==== Data excerpts

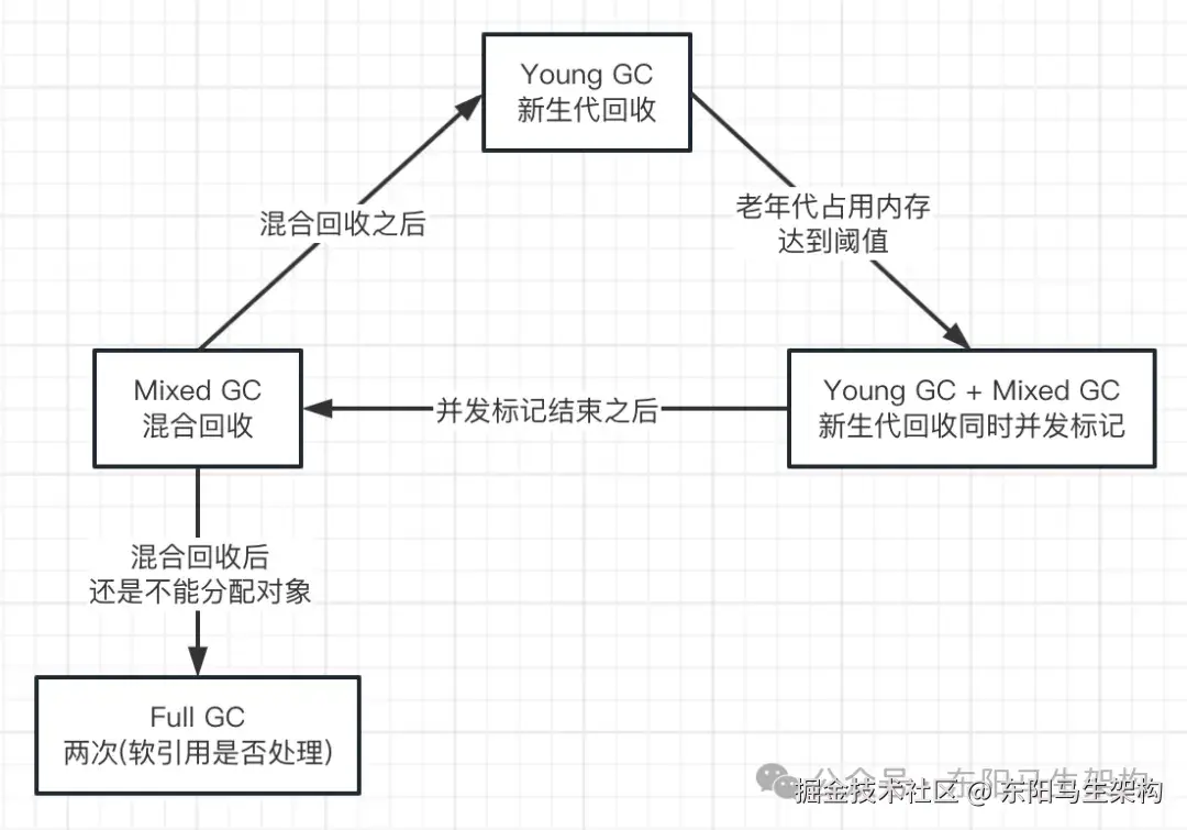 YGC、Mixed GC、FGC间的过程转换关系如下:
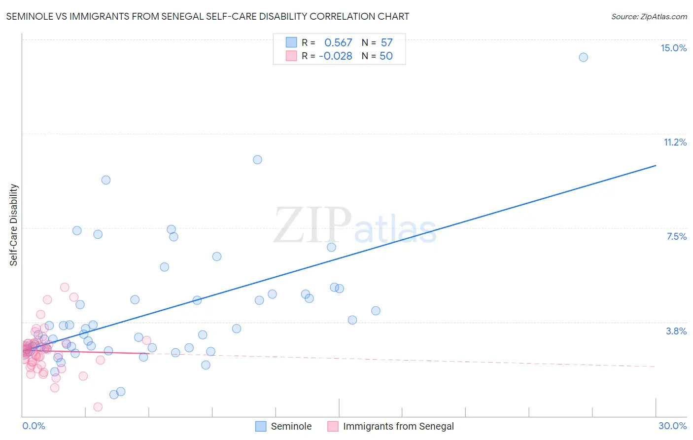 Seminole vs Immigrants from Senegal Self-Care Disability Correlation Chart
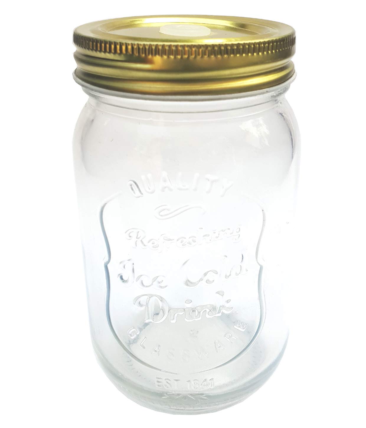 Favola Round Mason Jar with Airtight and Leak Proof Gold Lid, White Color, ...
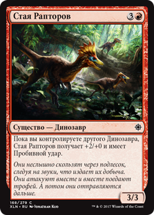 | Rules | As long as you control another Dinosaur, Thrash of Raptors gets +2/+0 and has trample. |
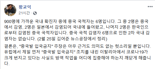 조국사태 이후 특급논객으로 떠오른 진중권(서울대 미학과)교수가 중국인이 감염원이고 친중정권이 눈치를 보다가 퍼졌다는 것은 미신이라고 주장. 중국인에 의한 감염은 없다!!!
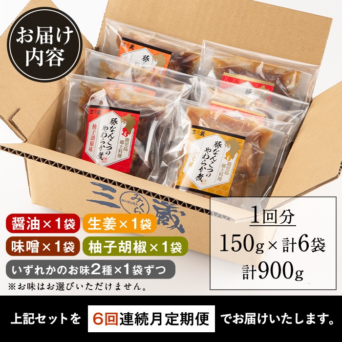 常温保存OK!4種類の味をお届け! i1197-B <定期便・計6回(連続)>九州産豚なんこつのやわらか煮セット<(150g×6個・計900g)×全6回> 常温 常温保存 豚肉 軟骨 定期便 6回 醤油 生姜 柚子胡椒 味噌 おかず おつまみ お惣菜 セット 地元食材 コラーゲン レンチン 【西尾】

========

## What to work on
Wherever an image appears in the data, omit it and repeat everything else exactly.

## Solution to the problem
 YGC、Mixed GC、FGC间的过程转换关系如下:
 Seminole vs Immigrants from Senegal Self-Care Disability Correlation Chart
 Favola Round Mason Jar with Airtight and Leak Proof Gold Lid, White Color, ...
 | Rules | As long as you control another Dinosaur, Thrash of Raptors gets +2/+0 and has trample. |
 조국사태 이후 특급논객으로 떠오른 진중권(서울대 미학과)교수가 중국인이 감염원이고 친중정권이 눈치를 보다가 퍼졌다는 것은 미신이라고 주장. 중국인에 의한 감염은 없다!!!
 常温保存OK!4種類の味をお届け! i1197-B <定期便・計6回(連続)>九州産豚なんこつのやわらか煮セット<(150g×6個・計900g)×全6回> 常温 常温保存 豚肉 軟骨 定期便 6回 醤油 生姜 柚子胡椒 味噌 おかず おつまみ お惣菜 セット 地元食材 コラーゲン レンチン 【西尾】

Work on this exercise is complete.